How Learning Objectives Can Actually Make Your Class Fun

I remember blocking out a lot of the “edu-speak” as an undergraduate training to be a teacher. “Learning Objectives” was one phrase that I ignored. Now, 10 years later, I see how much learning objectives can actually unlock student potential and actually learning fun.

Every single teacher can have a freer class that is more fun and more engaging if the class has clear learning objectives. Learning objectives are important in traditional classes but even more so with blended classes.

In a blended class, learning objectives help you decide how many activities or assessments to design. Designing online lessons take time and you need to make sure your work is having the biggest impact. Also, learning objectives focus your student on learning and not just the assessment. All of a sudden, conversations between you and students will change from “you need to learn this for the quiz” to “you need know this so you can show me you know (insert topic/skill).” If you run a gamified class, learning objectives are the missions or quests you send your students on.

In every case, clear learning objectives are the key to freeing your teaching from traditional expectations and methods. This is no joke. I know it sounds like one of those impossible, education, sketchy, sales pitch promises but stay with me.

Learning Objectives vs Learning Outcomes

I know you are a trained teacher but let’s define “learning objective” just so we can be on the same page.

Learning Objective: The desired measurable objective(s) (skill/knowledge) students will achieve upon course completion.

These learning objectives can be skill based or content based. I spent the summer of 2014 designing content and skill based learning objectives for my 9th grade world history class. I have used these ever since and they have changed my teaching entirely.

One example of a skill based learning objective is:

Argument: I can create effective written or oral historical arguments

I basically took a common core standard and made it student-friendly. A content objective would be:

I can identify the importance and outcomes that communication tools and methods can play in spreading revolutionary ideas.”

To see my entire list of content and skill learning objectives click here.

Learning Objectives vs Learning Outcomes

Similar to a learning objective is a “learning outcome”.

Learning Outcome: The means through which students will demonstrate proficiency in learning and realizing the objectives established for the course.

This is basically how you will measure the learning objectives. These are your quizzes, projects, presentations, assignments…etc.

Let’s temporarily ignore your learning outcomes/assignments. You need to do this if you want to really set your class free. I don’t mean scrap them, but we need really focus on creating your learning objectives.

How Learning Objectives Will Free Your Teaching

I always hated teaching the Scientific Revolution. I am a history teacher and I can try to make most things interesting but teaching the Scientific Revolution and the European Enlightenment to a bunch of 14 year olds isn’t exactly easy. My state and district standards require I teach facts but as the teacher, it is my job to convey the larger meaning of it. I felt trapped by trying to teach challenging intellectual history to students who couldn’t always see its importance.

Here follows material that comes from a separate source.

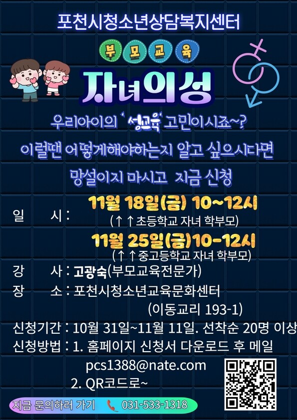 교육은 11월 18일과 25일 오전 10시부터 12시까지 포천시청소년교육문화센터 2층에서 1회씩 총 2차례 진행한다.

In order to draw out the importance, I designed my learning objective:

I can identify the importance and outcomes that communication tools and methods can play in spreading revolutionary ideas.”

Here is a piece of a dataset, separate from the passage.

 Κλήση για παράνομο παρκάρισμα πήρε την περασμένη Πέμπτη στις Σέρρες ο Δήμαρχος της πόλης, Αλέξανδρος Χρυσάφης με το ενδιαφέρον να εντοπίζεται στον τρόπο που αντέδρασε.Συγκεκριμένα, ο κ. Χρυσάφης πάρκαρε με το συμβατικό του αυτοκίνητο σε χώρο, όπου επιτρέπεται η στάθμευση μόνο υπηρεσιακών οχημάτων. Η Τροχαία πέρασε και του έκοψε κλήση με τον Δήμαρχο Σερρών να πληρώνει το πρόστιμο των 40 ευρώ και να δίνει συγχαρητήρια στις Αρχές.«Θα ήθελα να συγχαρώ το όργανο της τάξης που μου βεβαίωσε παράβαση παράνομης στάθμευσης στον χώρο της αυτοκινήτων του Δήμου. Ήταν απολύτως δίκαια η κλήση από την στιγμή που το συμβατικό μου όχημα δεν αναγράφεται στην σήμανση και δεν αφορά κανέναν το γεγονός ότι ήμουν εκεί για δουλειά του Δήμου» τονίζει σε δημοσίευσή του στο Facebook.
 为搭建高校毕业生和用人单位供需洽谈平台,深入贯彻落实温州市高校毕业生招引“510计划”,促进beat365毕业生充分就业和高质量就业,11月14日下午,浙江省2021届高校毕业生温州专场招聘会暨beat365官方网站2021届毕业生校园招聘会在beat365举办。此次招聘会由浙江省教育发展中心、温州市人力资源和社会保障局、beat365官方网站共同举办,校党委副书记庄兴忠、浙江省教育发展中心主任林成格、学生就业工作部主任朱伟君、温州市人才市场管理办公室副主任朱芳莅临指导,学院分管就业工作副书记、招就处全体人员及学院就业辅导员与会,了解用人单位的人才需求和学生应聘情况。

And then worked backwards. The unit on the Scientific Revolution and Enlightenment didn’t just become about a vocabulary quiz or a writing assignment. My entire 2 week unit became centered on helping students to demonstrate their proficiency of that learning objective. It didn’t really matter if students showed their knowledge on a quiz, in a test, or a project. In all of those cases, the learning objective remained the same.

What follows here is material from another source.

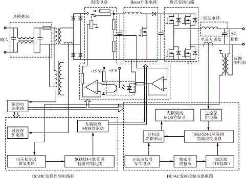 圖1示出了系統(tǒng)主電路和控制電路框圖。交流輸入電壓經(jīng)過(guò)共模抑制環(huán)節(jié)后,再經(jīng)工頻變壓器降壓,然后整流得到一個(gè)直流電壓,此電壓經(jīng)過(guò)Boost電路進(jìn)行升壓,在直流環(huán)上得到一個(gè)符合要求的直流電壓350V(50Hz/220V交流輸出時(shí))。DC/AC變換采用全橋變換電路。為保證系統(tǒng)可靠運(yùn)行,防止主電路對(duì)控制電路的干擾,采用主、控電路完全隔離的方法,即驅(qū)動(dòng)信號(hào)用光耦隔離,反饋信號(hào)用變壓器隔離,輔助電源用變壓器隔離。過(guò)流保護(hù)電路采用電流互感器作為電流檢測(cè)元件,其具有足夠快的響應(yīng)速度,能夠在MOS管允許的過(guò)流時(shí)間內(nèi)將其關(guān)斷。

Design your learning objective and you and your students are free to reach that objective any way you want. Experiment with technology or projects. Offer options. It doesn’t matter what students create because you are the one giving the grade and feedback. You are the expert. You, as the teacher, can decide if what the students created demonstrates understanding.

Design Tip: Don’t Target  “Understanding”

A helpful tip when designing your learning objective is to never make it “to understand”. You can’t measure “understanding”. You can measure learning through demonstration. So when designing your learning objectives for your course, decide on how students can physically demonstrate understanding of a topic/skill. Maybe you want them to present, or explain, or create.

If you need help, use Bloom’s Taxonomy to decide actions for your content/skills you want students to demonstrate through your lessons.

Last Thoughts

I know this sounds like more “edu-speak”. More false promises…but they’re not. Designing clear learning objectives for your course saves you time, keeps students focused, and frees you to teach and assess however you can to help students learn.

Question: What questions do you have about designing learning objectives for your blended class and online lessons?